If the number of five digit numbers with distinct digits and 2 at the $$10^{th}$$ place is $$336k$$, then $$k$$ is equal to:

We have to count the five-digit natural numbers in which every digit is different and the digit at the tens place (that is, the $$10^{1}$$ place) is a fixed 2.

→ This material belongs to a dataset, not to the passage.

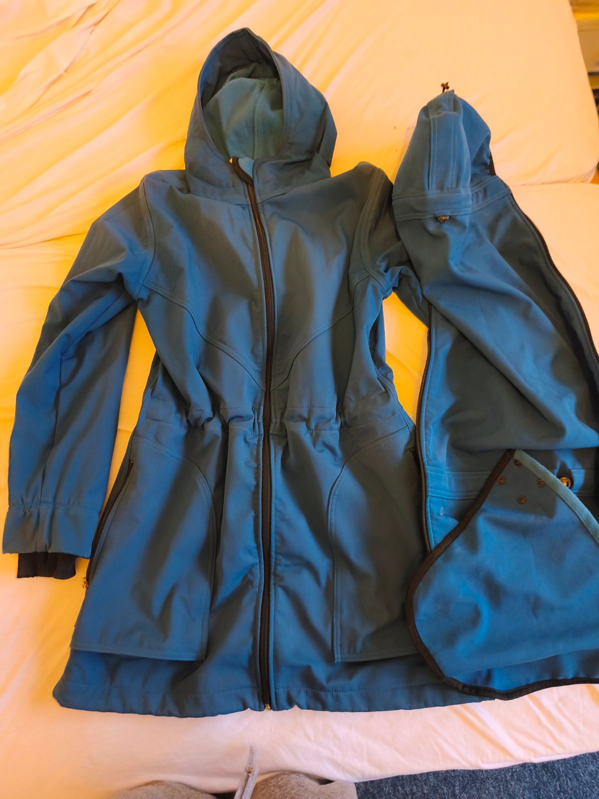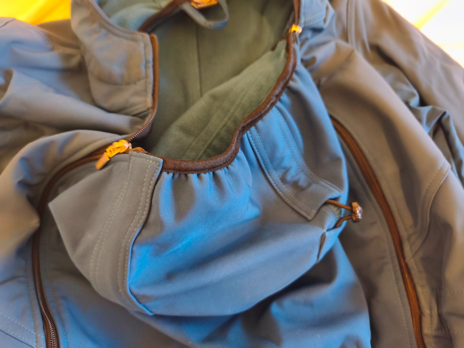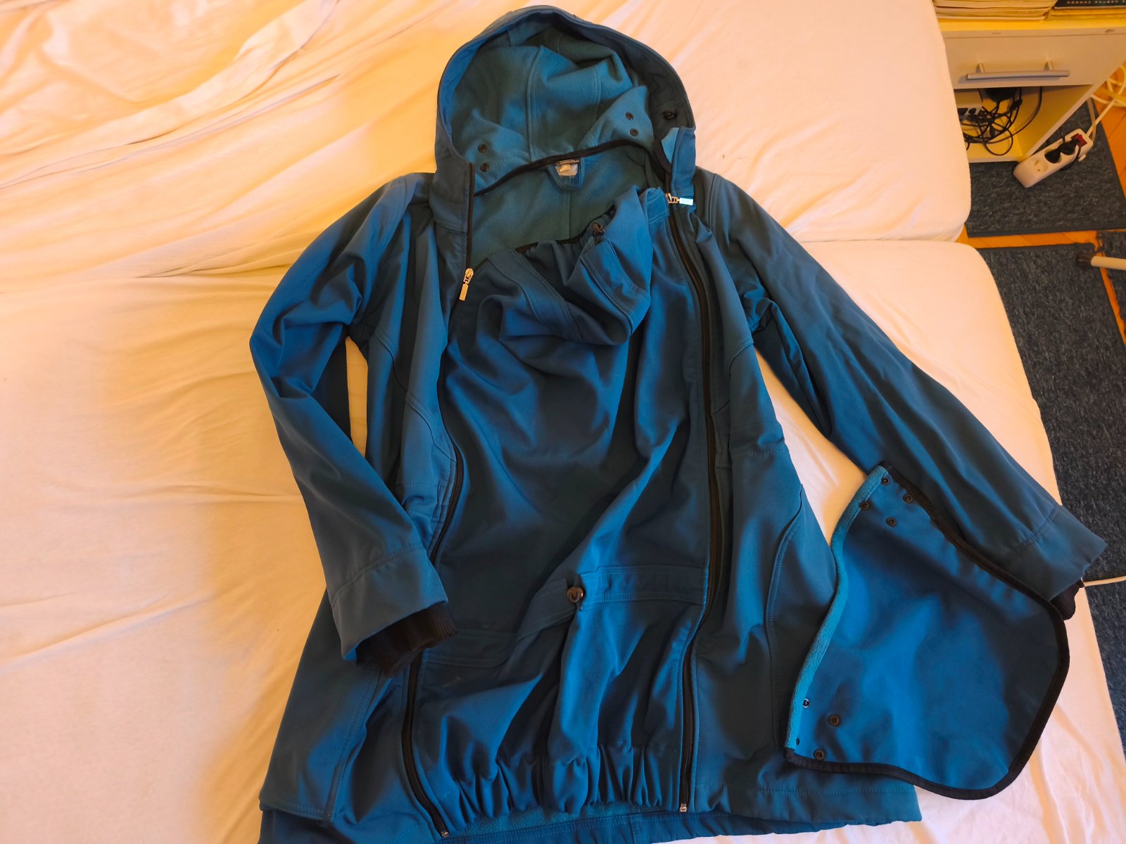 Dĺžka od pleca nadol 79 cm. Má vsadku na nosenie dieťaťa, ktorá sa dá odzipsovať a kabát sa dá nosiť aj bez nej. Plus má softshellový nákrčník pre matku.
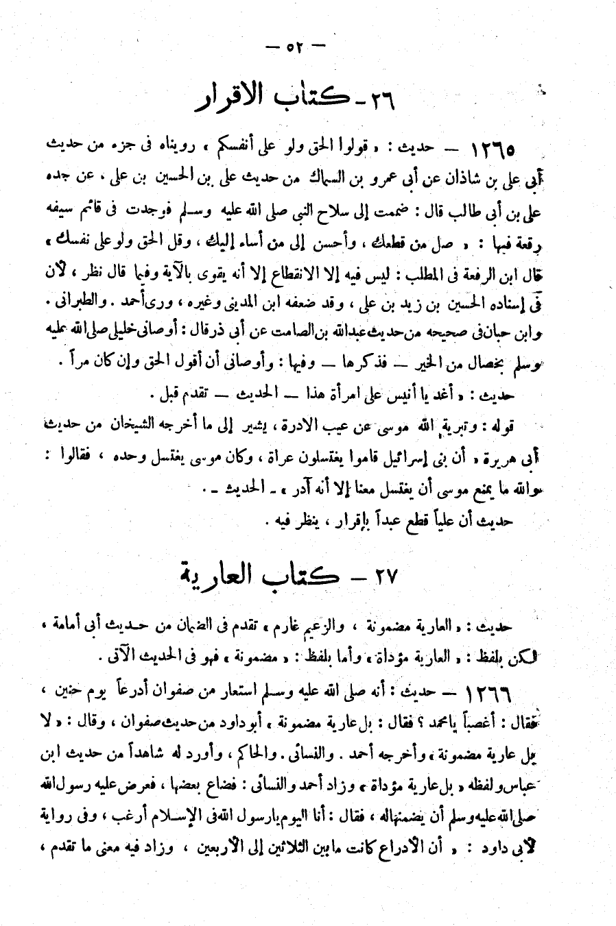 1265 - حديث قولوا الحق ولو على أنفسكم رويناه في جزء من حديث أبي علي بن شاذان عن أبي عمرو بن السماك من حديث علي بن الحسين بن علي عن جده علي بن أبي طالب قال ضممت إلى سلاح النبي صلى الله عليه و سلم فوجدت في قائم سيفه رقعة فيها صل من قطعك وأحسن إلى من أساء إليك وقل الحق ولو على نفسك قال بن الرفعة في المطلب ليس فيه إلا الانقطاع إلا أنه يقوي بالآية وفيما قال نظر لأن في إسناده الحسين بن زيد بن علي وقد ضعفه بن المديني وغيره وروى أحمد والطبراني وابن حبان في صحيحه من حديث عبد الله بن الصامت عن أبي ذر قال أوصاني خليلي صلى الله عليه و سلم بخصال من الخير فذكرها وفيها وأوصاني أن أقول الحق وإن كان مرا

Let us write a general five-digit number as

$$\overline{d_5\,d_4\,d_3\,d_2\,d_1},$$

where $$d_5$$ is the ten-thousands digit, $$d_4$$ the thousands digit, $$d_3$$ the hundreds digit, $$d_2$$ the tens digit and $$d_1$$ the units digit. According to the statement $$d_2=2$$. All the remaining digits have to be chosen from the other ten numerals $$0,1,3,4,5,6,7,8,9$$ with the restriction that no digit repeats.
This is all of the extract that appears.